- Genre: Children's
- Presented by: Andrew O'Connor Bernadette Nolan Kate Copstick Terry Randall
- Country of origin: United Kingdom
- Original language: English
- No. of series: 2
- No. of episodes: 24

Production
- Running time: 115 minutes

Original release
- Network: BBC1
- Release: 23 April 1988 – 8 July 1989

= On the Waterfront (TV series) =

On the Waterfront is a British children's television series that aired on BBC1 from 23 April 1988 to 8 July 1989. The programme aired on Saturday mornings and was filmed at Brunswick Dock, Liverpool.
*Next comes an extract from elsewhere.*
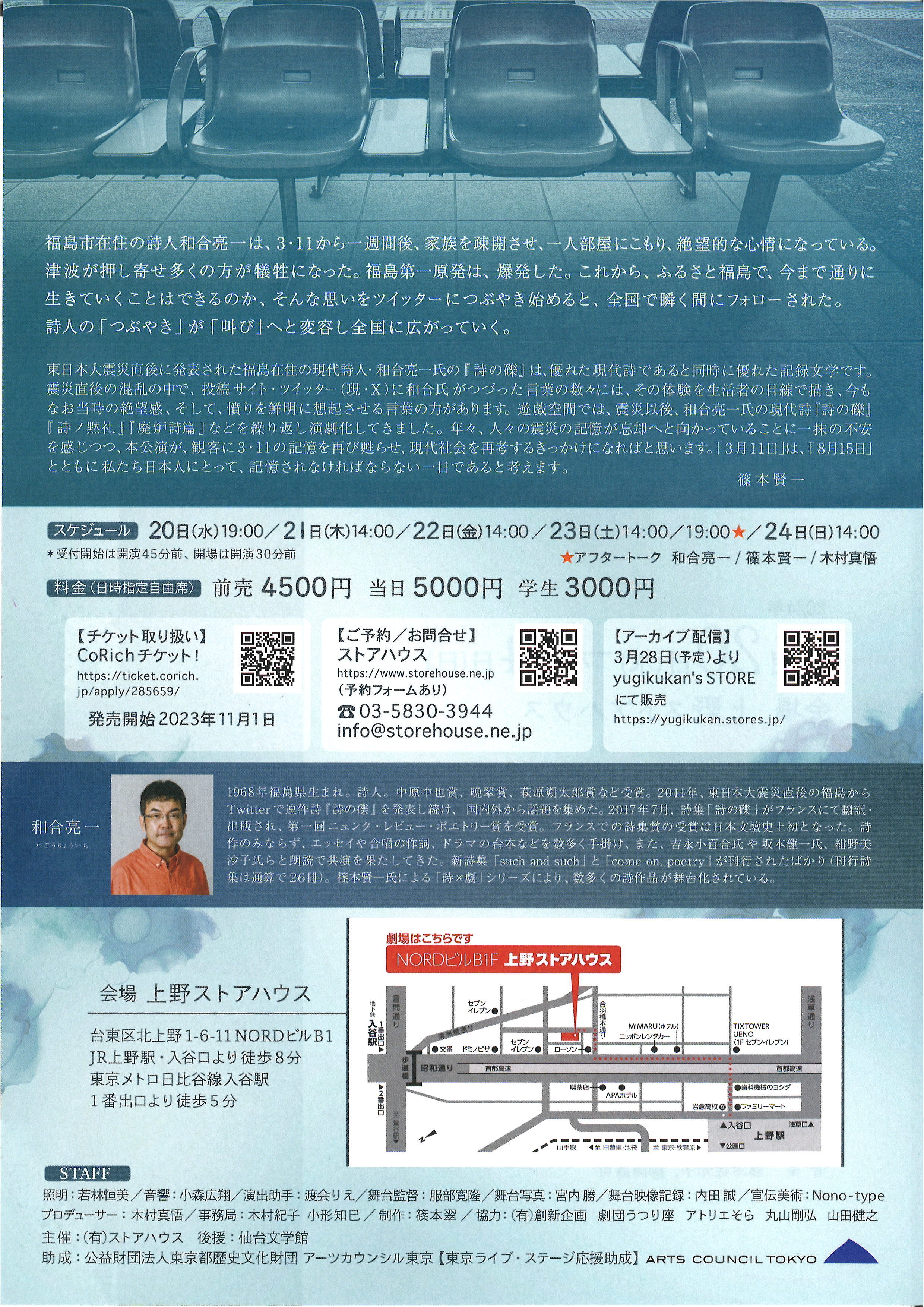 照明/若林恒美 音響/小森広翔 演出助手/渡会りえ 舞台監督/服部寛隆 舞台写真/宮内勝

It consisted of comedy sketches interspersed with cartoons, competitions and music.

The writer Russell T Davies, later a BAFTA Award-winner for his work on programmes such as Queer as Folk and Doctor Who, worked on the series, writing the script for a comedy dubbed version of the French children's drama series The Flashing Blade.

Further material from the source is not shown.